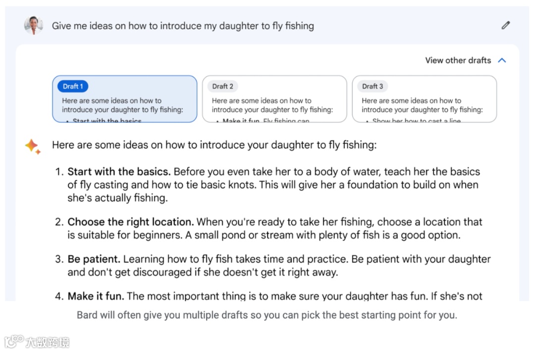 在使用 Bard 时,用户可以得到一些可供选择的响应草稿,以便他们选择最适合自己的起点,从而继续与 Bard 进行协作,询问、跟进问题。如果用户想要看到另一种选择,他们也可以让 Bard 再试一次。
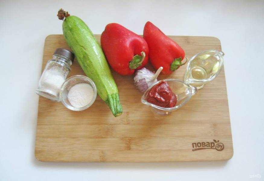 Подготовьте ингредиенты для приготовления салата из кабачков.
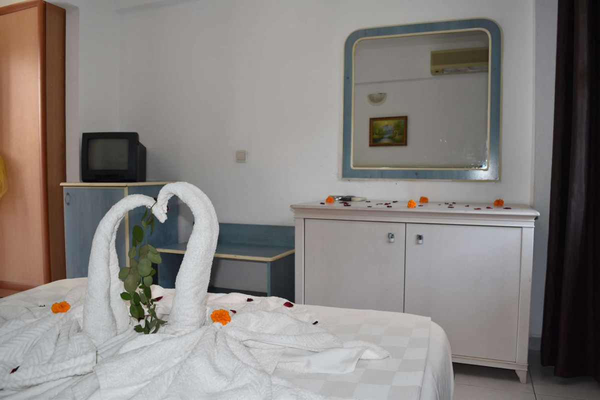 Никому не рекомендую отдыхать в этом отеле. При заселении в номере не оказалось полотенец. Пришлось идти, выбивать их. Дали только по одному на человека, и то старые, застиранные. Одно было рваное. После уборки горничные даже не думали заменять их на чистые, каждый раз приходилось идти за ними самим. Кстати, и уборка делалась только после пары напоминаний. Не буду говорить про отсутствие холодильника, хрен с ним, но в номере не было даже стаканов для воды. В телевизор был воткнут метровый кабель без штекера на другом конце. Понятно, что он не показывал вообще. Простыни короче матраса. Душевая - это одно название. Тупа углубление в полу со сливом. Кабинка или шторка отсутствуют вообще. Брызги летят во все стороны - в первый же день туалетную бумагу пришлось выкидывать. Потом уже ее прятали. Питаться в ресторане отеля просто невозможно. Ощущение, что повар умеет готовить два блюда - курицу и нагетсы, и два гарнира к ним - рис и макароны. Только в последний день была рыба, и то похоже в честь курбан-байрама. Через несколько дней после вселения пропали чайные чашки. Чай предлагалось пить из одноразовых стаканчиков, как в какой-нибудь забегаловке на вокзале. В общем еще раз - не рекомендую никому.
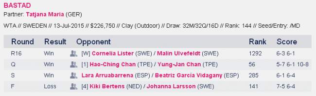 Ольга Савчук вместе Татьяной Марией успешно преодолели три раунда соревнований, в том числе обыграли первых сеяных сестер Чань из Тайваня (5-7 6-1 10-8). В финале украино-немецкий уступил четвертой паре турнира Кики Бертенс (Нидерланды) / Юханна Ларссон (Швеция).

------------

● EXERCISE OBJECTIVE
Leaving out the pictures, restate each line of the listing above verbatim, from the opening line to the line bearing "Подготовьте ингредиенты для", inclusive, and no more.

● YOUR SOLUTION
 在使用 Bard 时,用户可以得到一些可供选择的响应草稿,以便他们选择最适合自己的起点,从而继续与 Bard 进行协作,询问、跟进问题。如果用户想要看到另一种选择,他们也可以让 Bard 再试一次。
 Подготовьте ингредиенты для приготовления салата из кабачков.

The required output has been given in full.